Worldwide equity markets advanced 7.3% in the first quarter as investors processed the prospect of lower inflation and interest rates. The Silicon Valley Bank (SVB) failure was perhaps the most noteworthy event during the quarter and called into question the strength of certain banks and the Federal Reserve’s appetite for further monetary tightening.
Investor turnaround in risk tolerance was evident in sector performance. More cyclical sectors such as Technology, Communication Services, and Consumer Discretionary were the strongest performers, while the winners of 2022 subsided: Utilities, Health Care, and Energy.
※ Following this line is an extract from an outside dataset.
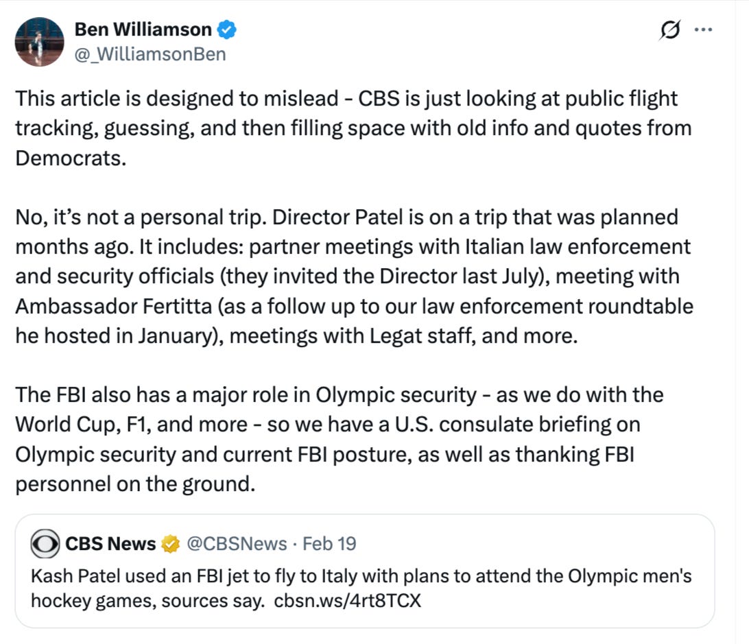 And that’s even after the FBI insisted this wasn’t what it looked like. CBS News reported: “Kash Patel used an FBI jet to fly to Italy with plans to attend the Olympic men’s hockey games, sources say.”

Underlying these strong sector performances is the market’s increased concentration of large capitalization stocks. The largest ten stocks now represent 27.3% of the overall market, compared to 24.3% at the beginning of the quarter. Two reasons explain this trend.
First, these companies have a higher sensitivity to changes in interest rates, which have come down since the SVB crisis. Part of this derives from the prediction that tightening credit conditions will slow the economy, taking some burdens off of the Fed. Concerns about the safety of deposits caused many Americans to move their cash from banks and into short-term treasuries, driving yields down. These actions manifested in the yield on the 2-year treasury, which began the quarter at 4.43% and now sits at 3.77%.
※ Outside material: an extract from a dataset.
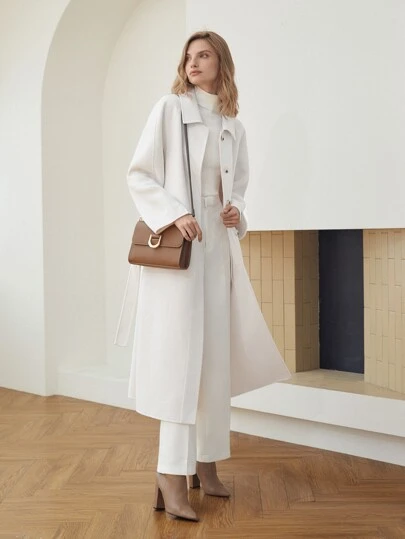 MOTF PREMIUM Abrigo mezcla de lana recto con cinturón - Blanco - Añade 1

Second, large companies have better access to public credit markets to meet their borrowing needs. In contrast, credit access for riskier small and medium-sized companies that rely more heavily on banks will recede as regulators seek to stabilize the banking sector. SVB was a pillar of funding for smaller startups, and its failure had practical and symbolic implications. Practical in that there will be at least one fewer source of funding available. Symbolic in that riskier lending will again be out of favor as it was in the aftermath of the 2008 crisis.
Equity market valuations have increased during the quarter to finish at 18.6x forward earnings, above the long-run average of 16x but below the 21x multiple a year ago. With earnings expectations staying flat during the quarter, the future trajectory will depend on company results released in the coming weeks.
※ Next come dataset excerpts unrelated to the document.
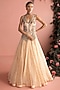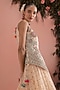 Bhumika Sharma presents a beige jacket in organza base with floral embroidery with a skirt. Accentuate it with zircon jewellery and metallic heels for a stylish ensemble, ideal for weddings, engagement or sangeet celebrations.
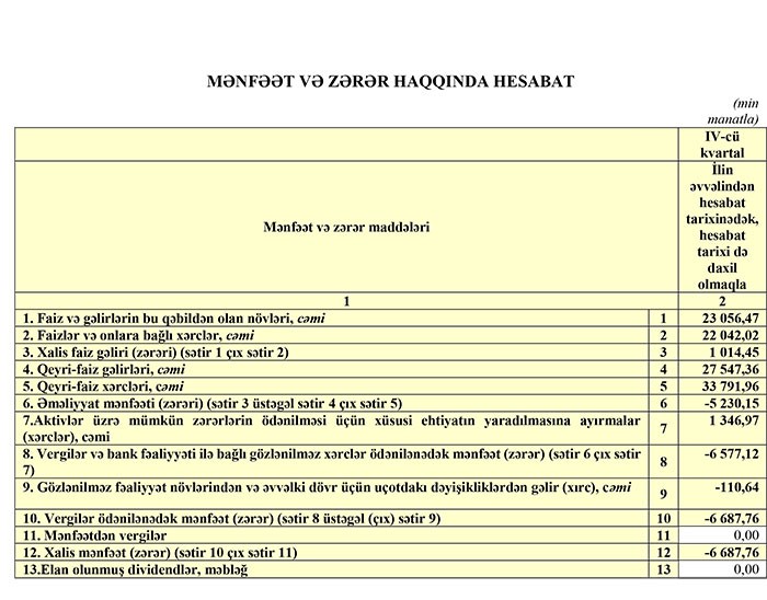 Ötən il Bankın cəmi gəlirləri 50 milyon 603 min manat, o cümlədən faiz gəlirləri 23 milyon 56 min manat, qeyri-faiz gəlirləri 27 milyon 547 min manat təşkil edib. Bankın faiz və qeyri-faiz xərcləri cəmi gəlirlərindən çox (55 milyon 833 min manat) olduğundan 5 milyon 230 min manat əməliyyat zərəri yaranıb. Bundan başqa, aktivlər üzrə mümkün zərərlərin ödənilməsi üçün xüsusi ehtiyatın yaradılmasına 1 milyon 347 min manatlıq ayırma zərəri daha da artırb və 6 milyon 688 min manata çatıb.
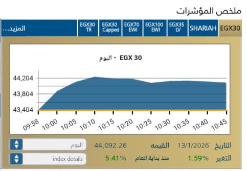 استهلت البورصة المصرية تعاملات جلسة اليوم الثلاثاء 13 يناير على اتجاه صاعد جماعي لمؤشراتها الرئيسية، بدعم من عمليات شراء مكثفة من المؤسسات المحلية والأجنبية، مع استمرار الأداء الإيجابي لأسهم البنوك والصناعات الثقيلة.

Investors factored significant optimism into the market rally during the quarter. However, inflation remains materially high, and customers less willing to accept price increases are pressuring margins. After a difficult year like 2022, we see opportunities to own excellent companies at reasonable prices. Many industries of the economy will still perform well in 2023. Following are our thoughts on several sectors and our positioning in place.
Energy – We decreased our exposure slightly as recession fears reduced commodity prices. A milder-than-expected winter in Europe took some demand off the table in the short term. We maintain an overweight position as the global macroeconomic environment supports a bullish outlook on oil prices based on supply declines due to the Russia / Ukraine conflict and OPEC production cuts.
Financials – We entered the quarter with an underweight position, particularly in the banking industry. Since the SVB crisis, we have reduced our exposure further. We expect bank stocks to suffer from higher regulations and tighter lending availability, resulting in lower net interest margins and profitability.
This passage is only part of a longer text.